» **INFORMATION SUPPLIED**
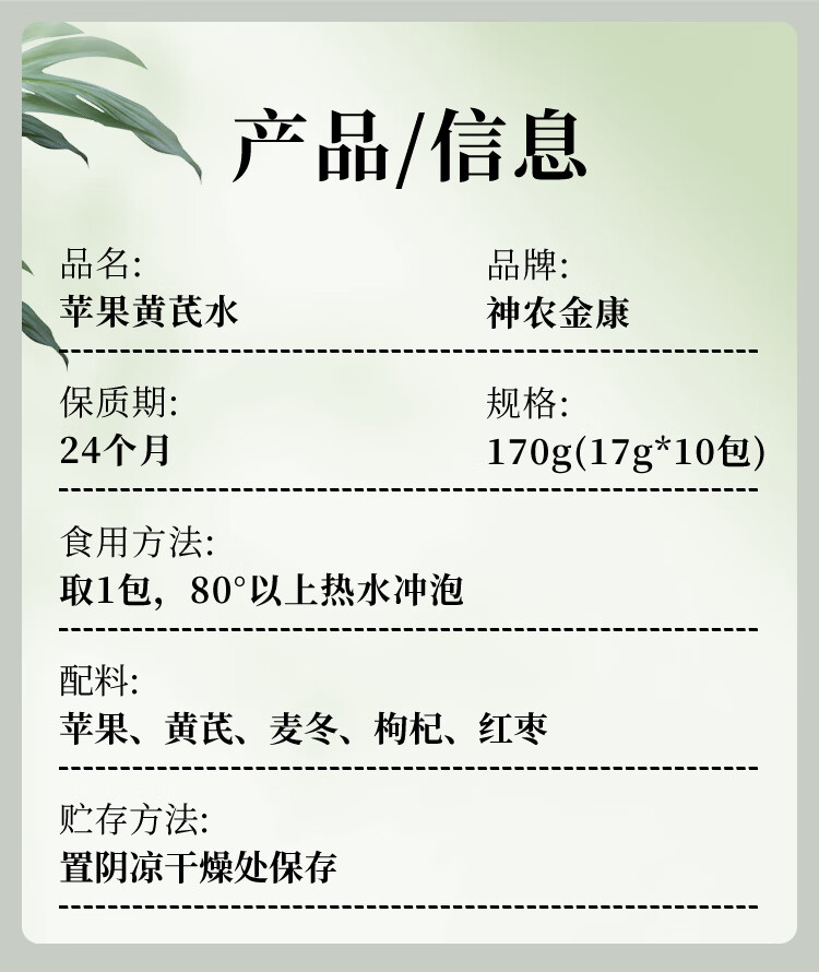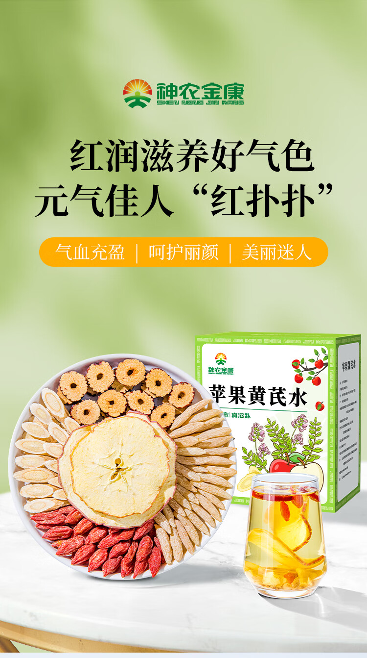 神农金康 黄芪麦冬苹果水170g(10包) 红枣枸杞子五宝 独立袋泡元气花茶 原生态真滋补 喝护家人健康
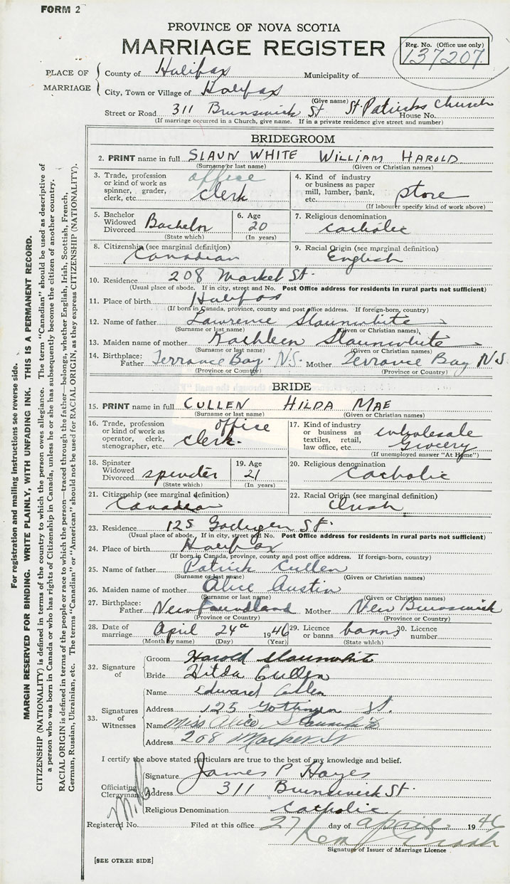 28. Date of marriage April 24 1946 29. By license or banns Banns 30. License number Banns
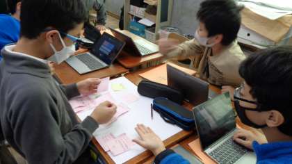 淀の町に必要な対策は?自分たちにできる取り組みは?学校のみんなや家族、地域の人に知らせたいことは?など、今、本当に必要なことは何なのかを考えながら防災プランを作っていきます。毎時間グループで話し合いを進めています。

» **WHAT YOU HAVE TO DO**
Repeat all the material exactly, but keep pictures out of the copy.

» **ANSWER FOR THIS EXERCISE**
 神农金康 黄芪麦冬苹果水170g(10包) 红枣枸杞子五宝 独立袋泡元气花茶 原生态真滋补 喝护家人健康
 28. Date of marriage April 24 1946 29. By license or banns Banns 30. License number Banns
 淀の町に必要な対策は?自分たちにできる取り組みは?学校のみんなや家族、地域の人に知らせたいことは?など、今、本当に必要なことは何なのかを考えながら防災プランを作っていきます。毎時間グループで話し合いを進めています。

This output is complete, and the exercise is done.